From: Stephan Gerhold
Date: Fri Sep 11 2020 - 04:35:20 EST


Hi Viresh,

On Fri, Aug 28, 2020 at 11:57:28AM +0200, Stephan Gerhold wrote:
> On Fri, Aug 28, 2020 at 12:05:11PM +0530, Viresh Kumar wrote:
> > On 27-08-20, 13:44, Stephan Gerhold wrote:
> > > Hmm. Actually I was using this parameter for initial testing, and forced
> > > on the power domains from the qcom-cpufreq-nvmem driver. For my v1 patch
> > > I wanted to enable the power domains in dev_pm_opp_set_rate(), so there
> > > using the virt_devs parameter was not possible.
> >
> > Right, as we really do not want to enable it there and leave it for
> > the real consumers to handle.
> >
> > > On the other hand, creating the device links would be possible from the
> > > platform driver by using the parameter.
> >
> > Right.
> >
> > > > And so I think again if this patch should be picked instead of letting
> > > > the platform handle this ?
> > >
> > > It seems like originally the motivation for the parameter was that
> > > cpufreq consumers do *not* need to power on the power domains:
> > >
> > > Commit 17a8f868ae3e ("opp: Return genpd virtual devices from dev_pm_opp_attach_genpd()"):
> > > "The cpufreq drivers don't need to do runtime PM operations on
> > > the virtual devices returned by dev_pm_domain_attach_by_name() and so
> > > the virtual devices weren't shared with the callers of
> > > dev_pm_opp_attach_genpd() earlier.
> > >
> > > But the IO device drivers would want to do that. This patch updates
> > > the prototype of dev_pm_opp_attach_genpd() to accept another argument
> > > to return the pointer to the array of genpd virtual devices."
> >
> > Not just that I believe. There were also arguments that only the real
> > consumer knows how to handle multiple power domains. For example for a
> > USB or Camera module which can work in multiple modes, we may want to
> > enable only one power domain in say slow mode and another power domain
> > in fast mode. And so these kind of complex behavior/choices better be
> > left for the end consumer and not try to handle this generically in
> > the OPP core.
> >
> [...]
>
> It seems to me that there is more work needed to make such a use case
> really work, but it's hard to speculate without a real example.
>

So it seems like we have a real example now. :)

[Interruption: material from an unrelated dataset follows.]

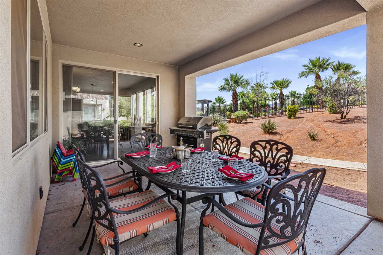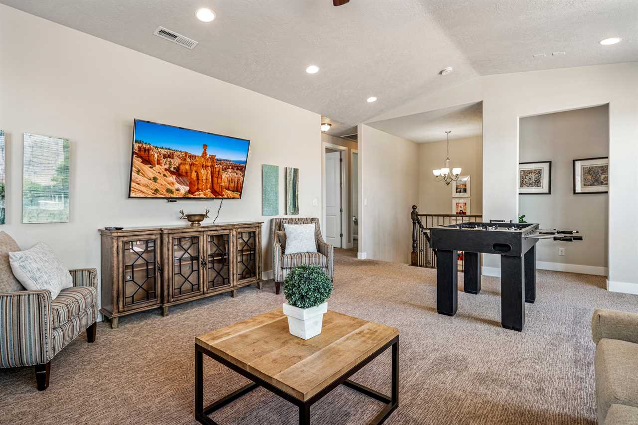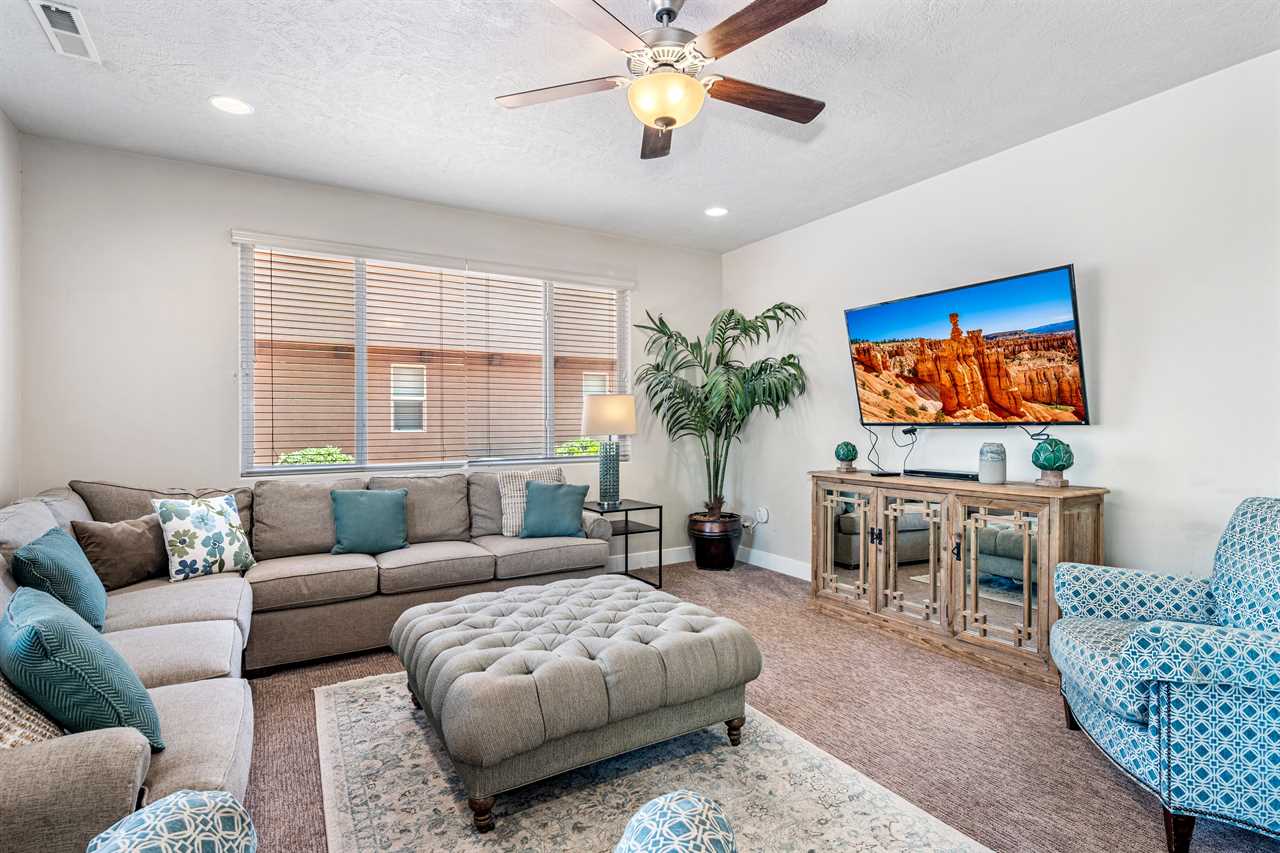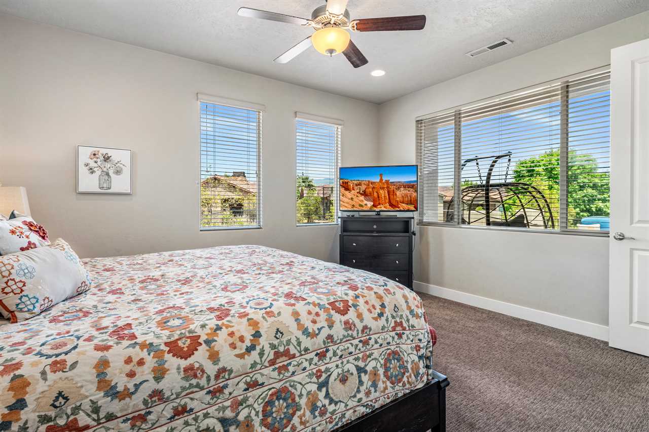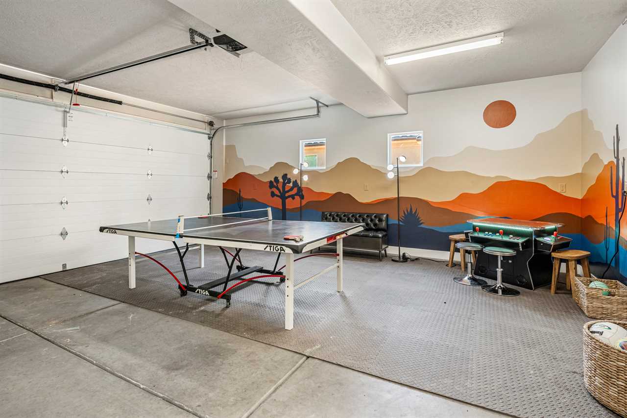 Poolside Paradise is a beautiful 4 bedroom / 4 & 2 ½ bath home that can comfortably accommodate 12 guests or up to 20 guests with the assistance of 3 queen air mattresses. The expansive fully equipped kitchen, grill, indoor & outdoor dining, and outdoor lounge areas make hosting family & friends a breeze. Spend your days lounging next to Paradise Village's resort-style pool or swimming at their waterpark! Take off for a day trip to one of the National or State parks within a close drive to explore the beauty Southern Utah has to offer. Back at home, challenge each other to ping pong, foosball, and Nintendo switch tournaments. Evenings will quickly become your favorite time of day as you lounge in the hammock on the balcony while watching the sunset over the desert mountains! Grab a bowl of popcorn and settle in for a cozy movie night, with two living rooms, each with a Smart TV, everyone will be able to find a movie they can enjoy! Whether you are adventuring through Southern Utah, lounging poolside, or competing in a ping pong tournament, you will find your own personal paradise at Poolside Paradise!

As mentioned in my other mail [1] it turns out I actually have such a
use case. I briefly explained it in [2], basically the clock that
provides higher CPU frequencies has some voltage requirements that
should be voted for using a power domain.

The clock that provides the lower CPU frequencies has no such
requirement, so I need to scale (and power on) a power domain only for
some of the OPPs.

[1]: https://lore.kernel.org/linux-pm/20200831154938.GA33622@xxxxxxxxxxx/
[2]: https://lore.kernel.org/linux-arm-msm/20200910162610.GA7008@xxxxxxxxxxx/

So I think it would be good to discuss this use case first before we
decide on this patch (how to enable power domains managed by the OPP
core). I think there are two problems that need to be solved:

1. How can we drop our performance state votes for some of the OPPs?
I explained that problem earlier already:

>
> I was thinking about something like that, but can you actually drop
> your performance state vote for one of the power domains using
> "required-opps"?
>
> At the moment it does not seem possible. I tried adding a special OPP
> using opp-level = <0> to reference that from required-opps, but the OPP
> core does not allow this:
>
> vddcx: Not all nodes have performance state set (7: 6)
> vddcx: Failed to add OPP table for index 0: -2
>
> So the "virt_devs" parameter would allow you to disable the power
> domain, but not to drop your performance state vote (you could only vote
> for the lowest OPP, not 0...)

Not sure if it makes sense but I think somehow allowing the additional
opp-level = <0> would be a simple solution. For example:

rpmpd: power-controller {
rpmpd_opp_table: opp-table {
compatible = "operating-points-v2";

/*
* This one can be referenced to drop the performance state
* vote within required-opps.
*/
rpmpd_opp_none: opp0 {
opp-level = <0>;
};

rpmpd_opp_retention: opp1 {
opp-level = <1>;
};

/* ... */
};
};

cpu_opp_table: cpu-opp-table {
compatible = "operating-points-v2";
opp-shared;

/* Power domain is only needed for frequencies >= 998 MHz */
opp-200000000 {
opp-hz = /bits/ 64 <200000000>;
required-opps = <&rpmpd_opp_none>; /* = drop perf state */
};
opp-998400000 {
opp-hz = /bits/ 64 <998400000>;
required-opps = <&rpmpd_opp_svs_soc>;
};
opp-1209600000 {
opp-hz = /bits/ 64 <1209600000>;
required-opps = <&rpmpd_opp_nominal>;
};
};

2. Where/when to enable the power domains: I need to enable the power
domain whenever I have a vote for a performance state. In the example
above the power domain should get enabled for >= 998 MHz and disabled
otherwise.

At least for the CPUFreq case the "virt_devs" parameter does not
really help in this case...
dev_pm_opp_set_rate() is called within cpufreq-dt which is supposed
to be generic. So I can't enable the power domains myself from there.
Even if I made a custom cpufreq driver that has control over the
dev_pm_opp_set_rate() call - I don't really know exactly in the
driver for which frequencies a power domain is needed.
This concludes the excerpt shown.